* Exercise goal
Copy exactly the lines of the records below, and only those lines, beginning with the line that contains "1955年7月30日,根據(jù)法案委" and ending with the line that contains "2025年巩留县人社局权责清单".

* Stored dataset items

......

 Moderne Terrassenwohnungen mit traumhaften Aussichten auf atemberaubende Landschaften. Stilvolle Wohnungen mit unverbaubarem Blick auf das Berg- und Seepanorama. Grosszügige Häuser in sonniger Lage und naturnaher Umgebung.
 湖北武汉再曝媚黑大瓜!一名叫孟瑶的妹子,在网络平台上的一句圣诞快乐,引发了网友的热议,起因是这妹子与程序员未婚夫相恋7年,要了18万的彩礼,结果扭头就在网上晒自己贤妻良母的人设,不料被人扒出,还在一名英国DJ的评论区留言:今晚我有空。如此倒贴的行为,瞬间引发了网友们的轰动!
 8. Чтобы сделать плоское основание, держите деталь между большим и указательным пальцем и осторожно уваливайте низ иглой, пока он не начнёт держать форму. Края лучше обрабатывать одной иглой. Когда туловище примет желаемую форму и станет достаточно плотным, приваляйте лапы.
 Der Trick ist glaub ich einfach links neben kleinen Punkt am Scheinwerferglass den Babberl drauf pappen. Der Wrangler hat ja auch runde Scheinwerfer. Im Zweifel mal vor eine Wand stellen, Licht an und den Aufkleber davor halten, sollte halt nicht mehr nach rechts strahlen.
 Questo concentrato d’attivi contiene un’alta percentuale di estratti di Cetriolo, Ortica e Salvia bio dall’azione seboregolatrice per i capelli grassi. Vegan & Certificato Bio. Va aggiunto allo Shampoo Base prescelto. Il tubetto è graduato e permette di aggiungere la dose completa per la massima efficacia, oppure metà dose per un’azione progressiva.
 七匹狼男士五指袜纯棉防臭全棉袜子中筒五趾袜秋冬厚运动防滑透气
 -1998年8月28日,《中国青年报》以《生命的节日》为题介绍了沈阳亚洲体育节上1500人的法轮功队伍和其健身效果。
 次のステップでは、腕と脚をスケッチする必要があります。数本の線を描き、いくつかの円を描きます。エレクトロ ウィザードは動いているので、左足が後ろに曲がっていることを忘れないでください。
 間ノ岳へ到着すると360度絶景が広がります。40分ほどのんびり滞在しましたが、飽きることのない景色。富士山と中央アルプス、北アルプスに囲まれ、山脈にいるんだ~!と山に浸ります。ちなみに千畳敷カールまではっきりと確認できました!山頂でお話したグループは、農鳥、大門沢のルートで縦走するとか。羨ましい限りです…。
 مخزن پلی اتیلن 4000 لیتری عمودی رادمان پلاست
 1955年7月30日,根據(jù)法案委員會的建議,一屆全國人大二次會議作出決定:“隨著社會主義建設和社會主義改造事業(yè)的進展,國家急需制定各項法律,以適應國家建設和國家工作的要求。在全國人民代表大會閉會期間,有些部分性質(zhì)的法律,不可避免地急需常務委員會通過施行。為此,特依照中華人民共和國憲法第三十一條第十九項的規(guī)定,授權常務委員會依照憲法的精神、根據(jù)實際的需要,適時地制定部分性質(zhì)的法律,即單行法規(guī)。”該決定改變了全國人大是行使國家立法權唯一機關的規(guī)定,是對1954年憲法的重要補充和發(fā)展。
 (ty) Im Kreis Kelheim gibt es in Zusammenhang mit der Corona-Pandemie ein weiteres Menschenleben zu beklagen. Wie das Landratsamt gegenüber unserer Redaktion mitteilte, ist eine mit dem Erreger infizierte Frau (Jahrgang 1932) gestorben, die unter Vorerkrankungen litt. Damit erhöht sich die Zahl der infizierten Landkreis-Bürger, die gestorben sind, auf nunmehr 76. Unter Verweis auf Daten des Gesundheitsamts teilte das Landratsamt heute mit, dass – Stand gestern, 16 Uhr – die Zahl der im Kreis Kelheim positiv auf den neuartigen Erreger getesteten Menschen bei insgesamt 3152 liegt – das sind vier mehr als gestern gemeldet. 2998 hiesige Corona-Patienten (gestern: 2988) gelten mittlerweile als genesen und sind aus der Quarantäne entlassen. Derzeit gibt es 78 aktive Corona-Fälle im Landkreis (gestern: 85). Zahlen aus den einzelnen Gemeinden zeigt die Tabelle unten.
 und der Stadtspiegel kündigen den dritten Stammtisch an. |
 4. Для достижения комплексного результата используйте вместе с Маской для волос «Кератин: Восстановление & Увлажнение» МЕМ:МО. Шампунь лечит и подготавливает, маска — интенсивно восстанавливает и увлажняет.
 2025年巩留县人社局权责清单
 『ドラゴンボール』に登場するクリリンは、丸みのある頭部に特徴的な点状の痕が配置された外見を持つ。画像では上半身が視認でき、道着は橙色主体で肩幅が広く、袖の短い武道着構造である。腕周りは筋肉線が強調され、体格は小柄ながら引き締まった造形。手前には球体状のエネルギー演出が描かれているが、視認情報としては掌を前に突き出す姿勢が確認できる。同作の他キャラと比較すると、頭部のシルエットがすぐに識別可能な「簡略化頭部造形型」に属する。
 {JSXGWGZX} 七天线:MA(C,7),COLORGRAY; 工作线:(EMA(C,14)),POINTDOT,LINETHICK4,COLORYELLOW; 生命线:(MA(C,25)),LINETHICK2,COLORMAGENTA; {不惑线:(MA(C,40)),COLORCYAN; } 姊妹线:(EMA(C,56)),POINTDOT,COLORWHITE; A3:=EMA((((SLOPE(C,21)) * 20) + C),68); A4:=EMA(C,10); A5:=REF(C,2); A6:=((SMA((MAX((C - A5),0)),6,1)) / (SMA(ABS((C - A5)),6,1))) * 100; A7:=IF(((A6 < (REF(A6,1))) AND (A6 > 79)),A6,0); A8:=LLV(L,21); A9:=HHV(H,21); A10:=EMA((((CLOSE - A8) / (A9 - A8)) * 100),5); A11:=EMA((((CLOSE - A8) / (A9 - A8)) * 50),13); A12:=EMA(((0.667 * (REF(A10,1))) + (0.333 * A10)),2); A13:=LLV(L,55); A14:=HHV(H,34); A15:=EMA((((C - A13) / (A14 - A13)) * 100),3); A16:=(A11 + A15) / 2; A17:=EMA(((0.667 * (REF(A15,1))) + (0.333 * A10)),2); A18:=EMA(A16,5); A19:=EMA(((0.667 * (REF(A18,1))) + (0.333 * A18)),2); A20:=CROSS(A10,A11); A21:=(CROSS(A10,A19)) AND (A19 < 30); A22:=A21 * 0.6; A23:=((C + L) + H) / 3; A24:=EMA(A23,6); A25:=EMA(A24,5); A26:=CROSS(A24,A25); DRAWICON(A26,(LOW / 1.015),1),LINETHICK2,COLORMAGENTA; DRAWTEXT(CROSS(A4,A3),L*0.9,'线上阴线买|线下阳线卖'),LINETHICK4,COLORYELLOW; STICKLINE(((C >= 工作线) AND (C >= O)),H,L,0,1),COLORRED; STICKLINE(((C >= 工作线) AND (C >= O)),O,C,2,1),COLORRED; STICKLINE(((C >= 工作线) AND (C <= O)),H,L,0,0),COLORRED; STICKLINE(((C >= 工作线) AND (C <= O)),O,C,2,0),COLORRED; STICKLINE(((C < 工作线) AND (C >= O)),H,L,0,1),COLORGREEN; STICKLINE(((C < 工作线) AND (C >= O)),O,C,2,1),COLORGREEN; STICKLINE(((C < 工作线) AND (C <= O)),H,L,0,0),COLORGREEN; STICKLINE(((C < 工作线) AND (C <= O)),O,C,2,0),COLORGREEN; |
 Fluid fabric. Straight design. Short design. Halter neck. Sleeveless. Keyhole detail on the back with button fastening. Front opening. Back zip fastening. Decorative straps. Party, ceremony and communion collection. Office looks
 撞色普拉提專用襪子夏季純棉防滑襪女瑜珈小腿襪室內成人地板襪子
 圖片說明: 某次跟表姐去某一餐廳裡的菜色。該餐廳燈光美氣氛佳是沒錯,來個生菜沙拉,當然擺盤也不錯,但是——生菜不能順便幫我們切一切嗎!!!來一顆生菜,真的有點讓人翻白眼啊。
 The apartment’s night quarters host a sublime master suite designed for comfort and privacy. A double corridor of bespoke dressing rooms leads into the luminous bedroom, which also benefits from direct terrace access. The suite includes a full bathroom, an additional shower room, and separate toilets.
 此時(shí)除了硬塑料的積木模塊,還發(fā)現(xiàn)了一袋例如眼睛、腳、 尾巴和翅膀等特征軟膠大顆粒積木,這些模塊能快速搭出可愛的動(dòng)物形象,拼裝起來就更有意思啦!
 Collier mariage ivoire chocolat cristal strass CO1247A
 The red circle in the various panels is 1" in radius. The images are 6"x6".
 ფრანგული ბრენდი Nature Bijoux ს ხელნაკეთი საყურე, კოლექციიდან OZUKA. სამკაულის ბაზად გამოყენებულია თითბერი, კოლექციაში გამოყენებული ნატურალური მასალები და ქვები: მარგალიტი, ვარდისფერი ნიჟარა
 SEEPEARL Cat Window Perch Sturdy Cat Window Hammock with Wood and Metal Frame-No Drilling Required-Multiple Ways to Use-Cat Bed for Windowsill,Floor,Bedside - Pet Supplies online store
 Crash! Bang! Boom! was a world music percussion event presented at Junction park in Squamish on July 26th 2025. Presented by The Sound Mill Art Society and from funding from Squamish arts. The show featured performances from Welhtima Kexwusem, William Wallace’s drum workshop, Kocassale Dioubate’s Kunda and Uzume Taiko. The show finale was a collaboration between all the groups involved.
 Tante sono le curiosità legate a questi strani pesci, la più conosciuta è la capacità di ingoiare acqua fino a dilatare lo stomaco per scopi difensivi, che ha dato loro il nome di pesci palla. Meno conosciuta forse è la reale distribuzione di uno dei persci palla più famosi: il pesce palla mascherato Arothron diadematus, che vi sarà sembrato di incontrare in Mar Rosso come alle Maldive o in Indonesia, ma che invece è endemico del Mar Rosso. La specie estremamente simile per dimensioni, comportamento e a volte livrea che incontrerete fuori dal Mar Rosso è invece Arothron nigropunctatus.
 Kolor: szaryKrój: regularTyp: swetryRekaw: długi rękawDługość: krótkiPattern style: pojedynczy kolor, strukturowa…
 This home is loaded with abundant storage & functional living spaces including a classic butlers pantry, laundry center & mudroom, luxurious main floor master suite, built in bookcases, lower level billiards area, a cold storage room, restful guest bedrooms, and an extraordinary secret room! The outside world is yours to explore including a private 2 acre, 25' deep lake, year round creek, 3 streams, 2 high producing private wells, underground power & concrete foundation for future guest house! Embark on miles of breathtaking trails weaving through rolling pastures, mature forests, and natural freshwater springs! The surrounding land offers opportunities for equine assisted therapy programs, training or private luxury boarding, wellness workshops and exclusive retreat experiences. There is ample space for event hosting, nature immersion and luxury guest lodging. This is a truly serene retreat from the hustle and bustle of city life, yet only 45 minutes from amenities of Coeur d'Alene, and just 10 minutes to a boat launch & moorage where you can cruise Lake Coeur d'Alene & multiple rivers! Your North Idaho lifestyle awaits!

......

* Solution to this problem
 1955年7月30日,根據(jù)法案委員會的建議,一屆全國人大二次會議作出決定:“隨著社會主義建設和社會主義改造事業(yè)的進展,國家急需制定各項法律,以適應國家建設和國家工作的要求。在全國人民代表大會閉會期間,有些部分性質(zhì)的法律,不可避免地急需常務委員會通過施行。為此,特依照中華人民共和國憲法第三十一條第十九項的規(guī)定,授權常務委員會依照憲法的精神、根據(jù)實際的需要,適時地制定部分性質(zhì)的法律,即單行法規(guī)。”該決定改變了全國人大是行使國家立法權唯一機關的規(guī)定,是對1954年憲法的重要補充和發(fā)展。
 (ty) Im Kreis Kelheim gibt es in Zusammenhang mit der Corona-Pandemie ein weiteres Menschenleben zu beklagen. Wie das Landratsamt gegenüber unserer Redaktion mitteilte, ist eine mit dem Erreger infizierte Frau (Jahrgang 1932) gestorben, die unter Vorerkrankungen litt. Damit erhöht sich die Zahl der infizierten Landkreis-Bürger, die gestorben sind, auf nunmehr 76. Unter Verweis auf Daten des Gesundheitsamts teilte das Landratsamt heute mit, dass – Stand gestern, 16 Uhr – die Zahl der im Kreis Kelheim positiv auf den neuartigen Erreger getesteten Menschen bei insgesamt 3152 liegt – das sind vier mehr als gestern gemeldet. 2998 hiesige Corona-Patienten (gestern: 2988) gelten mittlerweile als genesen und sind aus der Quarantäne entlassen. Derzeit gibt es 78 aktive Corona-Fälle im Landkreis (gestern: 85). Zahlen aus den einzelnen Gemeinden zeigt die Tabelle unten.
 und der Stadtspiegel kündigen den dritten Stammtisch an. |
 4. Для достижения комплексного результата используйте вместе с Маской для волос «Кератин: Восстановление & Увлажнение» МЕМ:МО. Шампунь лечит и подготавливает, маска — интенсивно восстанавливает и увлажняет.
 2025年巩留县人社局权责清单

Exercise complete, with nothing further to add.